+++ Material to process
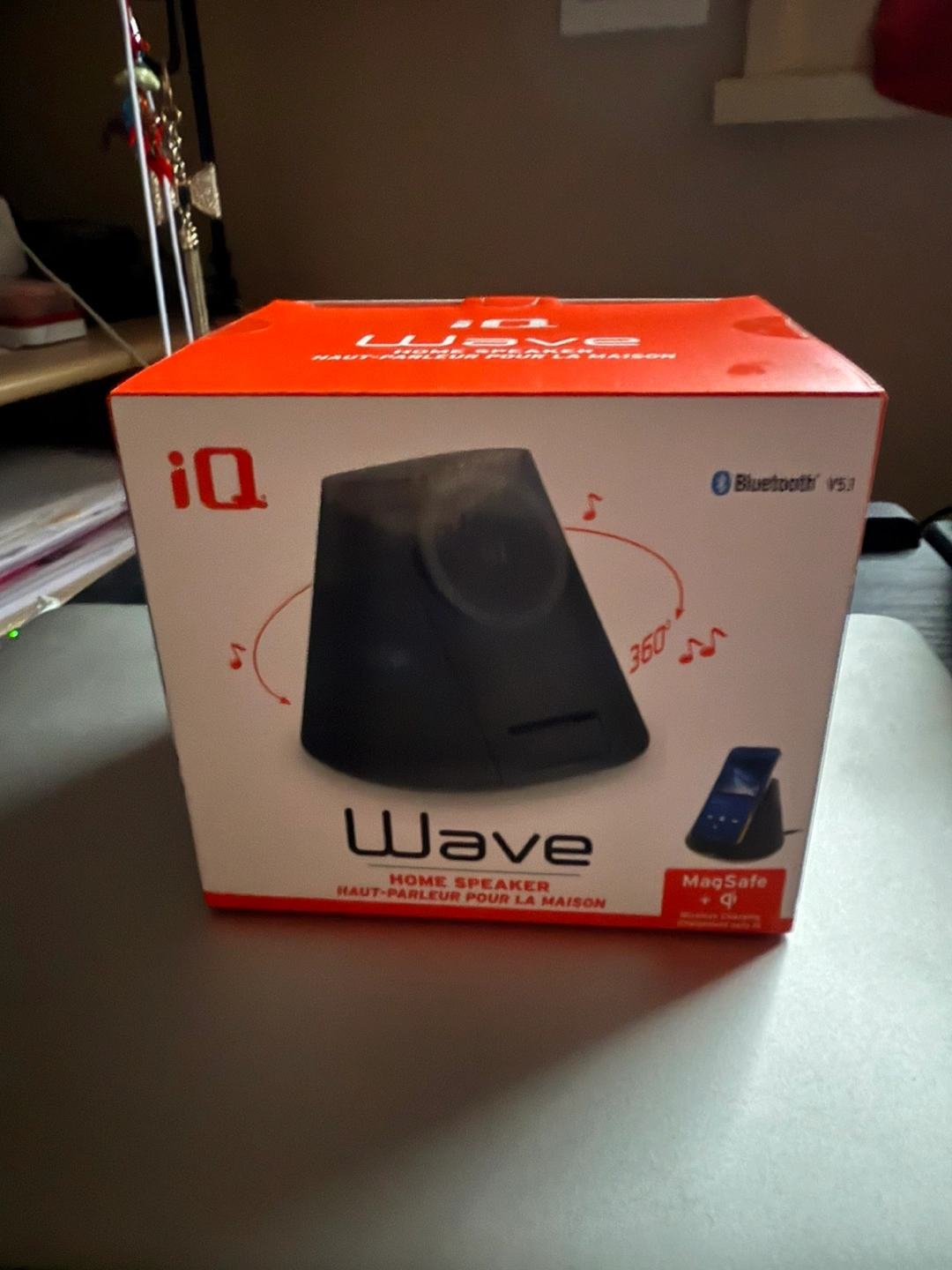 10360° sound from cylindrical design. Premium sound and takes your music to another level. Perfect for condos and apartments. 10W premium bass. 15W Qi wireless charger with flip-out stand. Bluetooth 5.1 technology. Use with Apple and Android devices. Never used, new in box.
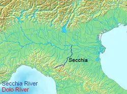 About 5 kilometres (3 mi) before entering the Secchia river, the Dragone mountain stream flows into the Dolo.
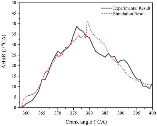 The FCC simulation setup was validated against experimental data considering the heat release rate. The purpose of this validation was to examine the in-cylinder combustion behaviour of the modelling setup at constant boundary conditions with respect to the combustion condition of the test engine. The model was validated with a single injection profile (with an injection period between 356 °CA and 376 °CA), similar to the test engine injection. As presented in Figure 5, a similar trend is noted in both the experimental and simulation setup. The trend was observed during the combustion stroke between crank angles of 350 °CA and 400 °CA. The results are validated by adjusting the injection profile with respect to the crank angles. The error percentage between the actual and simulated output was calculated as 3.8%. Though there is some discrepancy in both graphs, the overall error percentage is less than 5%, and the heat release rate trend is good.
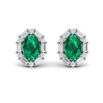 18K Yellow Gold Oval Emerald & Diamond Baguette Earrings
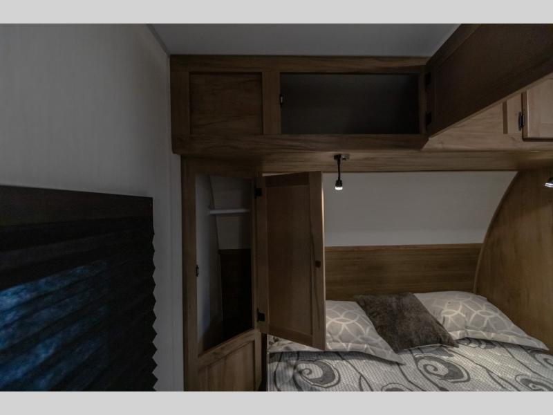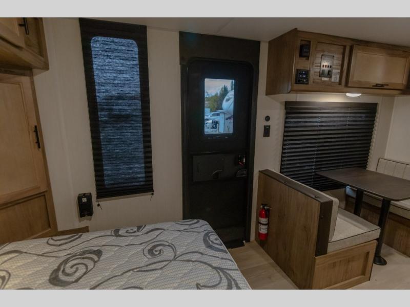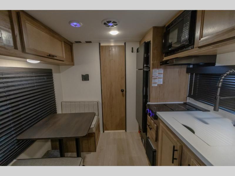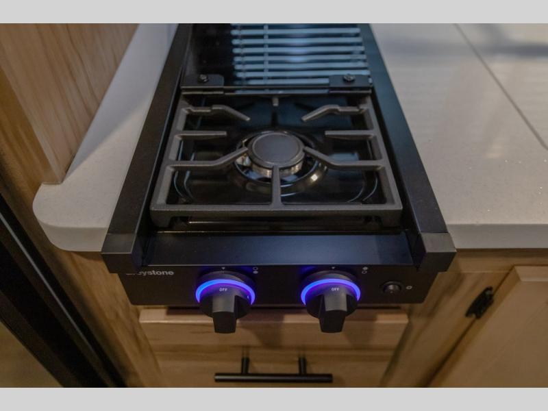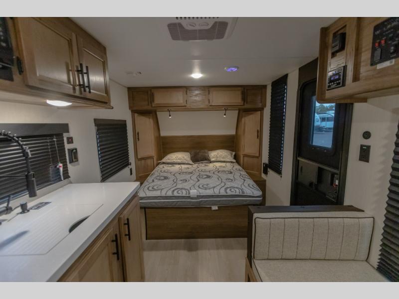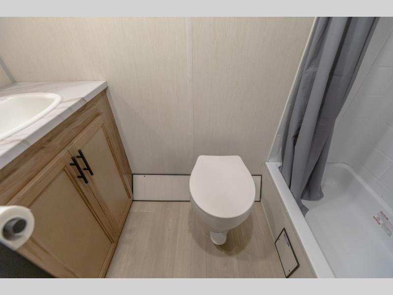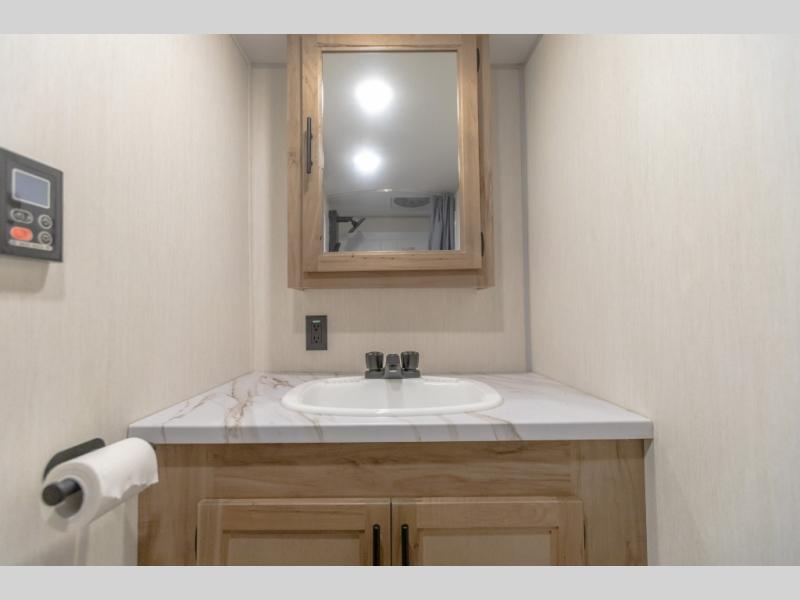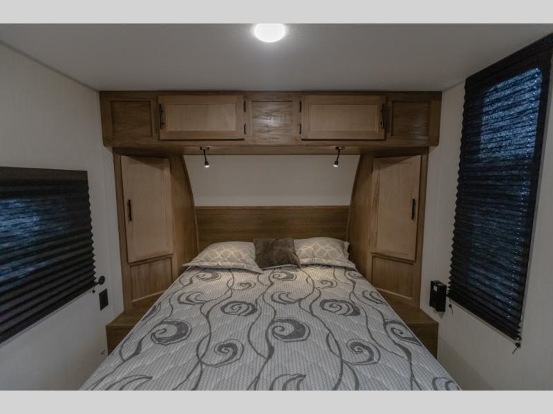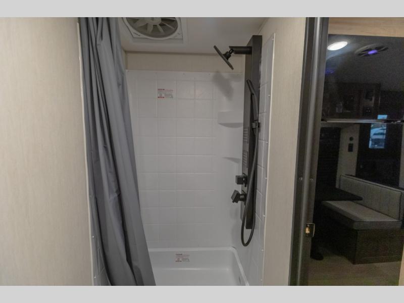 You will love camping in this travel trailer with your own queen bed up front! Freshen up each morning in the full rear bathroom with the tub/shower, toilet, and sink. Fill your bellies with the perishables stored in the 12V high efficiency refrigerator and cook them on the high output cooktop. You could even prepare a meal while breathing in some fresh air at the outside mini kitchen while staying protected by the 12' power awning. Easily store all of your outdoor gear in the outside storage area too!
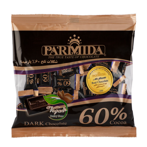 Parmida 60% cocoa dark chocolate contains 60% cocoa powder and pure cocoa butter. Parmida 60% cocoa dark chocolate is ideal for those who follow a vegetarian or vegan diet, as these chocolates are both dairy-free and vegan-friendly.
++++++
*Work task*.
All entries above are to be restated exactly, with every image omitted.

*Response to this task*.
 10360° sound from cylindrical design. Premium sound and takes your music to another level. Perfect for condos and apartments. 10W premium bass. 15W Qi wireless charger with flip-out stand. Bluetooth 5.1 technology. Use with Apple and Android devices. Never used, new in box.
 About 5 kilometres (3 mi) before entering the Secchia river, the Dragone mountain stream flows into the Dolo.
 The FCC simulation setup was validated against experimental data considering the heat release rate. The purpose of this validation was to examine the in-cylinder combustion behaviour of the modelling setup at constant boundary conditions with respect to the combustion condition of the test engine. The model was validated with a single injection profile (with an injection period between 356 °CA and 376 °CA), similar to the test engine injection. As presented in Figure 5, a similar trend is noted in both the experimental and simulation setup. The trend was observed during the combustion stroke between crank angles of 350 °CA and 400 °CA. The results are validated by adjusting the injection profile with respect to the crank angles. The error percentage between the actual and simulated output was calculated as 3.8%. Though there is some discrepancy in both graphs, the overall error percentage is less than 5%, and the heat release rate trend is good.
 18K Yellow Gold Oval Emerald & Diamond Baguette Earrings
 You will love camping in this travel trailer with your own queen bed up front! Freshen up each morning in the full rear bathroom with the tub/shower, toilet, and sink. Fill your bellies with the perishables stored in the 12V high efficiency refrigerator and cook them on the high output cooktop. You could even prepare a meal while breathing in some fresh air at the outside mini kitchen while staying protected by the 12' power awning. Easily store all of your outdoor gear in the outside storage area too!
 Parmida 60% cocoa dark chocolate contains 60% cocoa powder and pure cocoa butter. Parmida 60% cocoa dark chocolate is ideal for those who follow a vegetarian or vegan diet, as these chocolates are both dairy-free and vegan-friendly.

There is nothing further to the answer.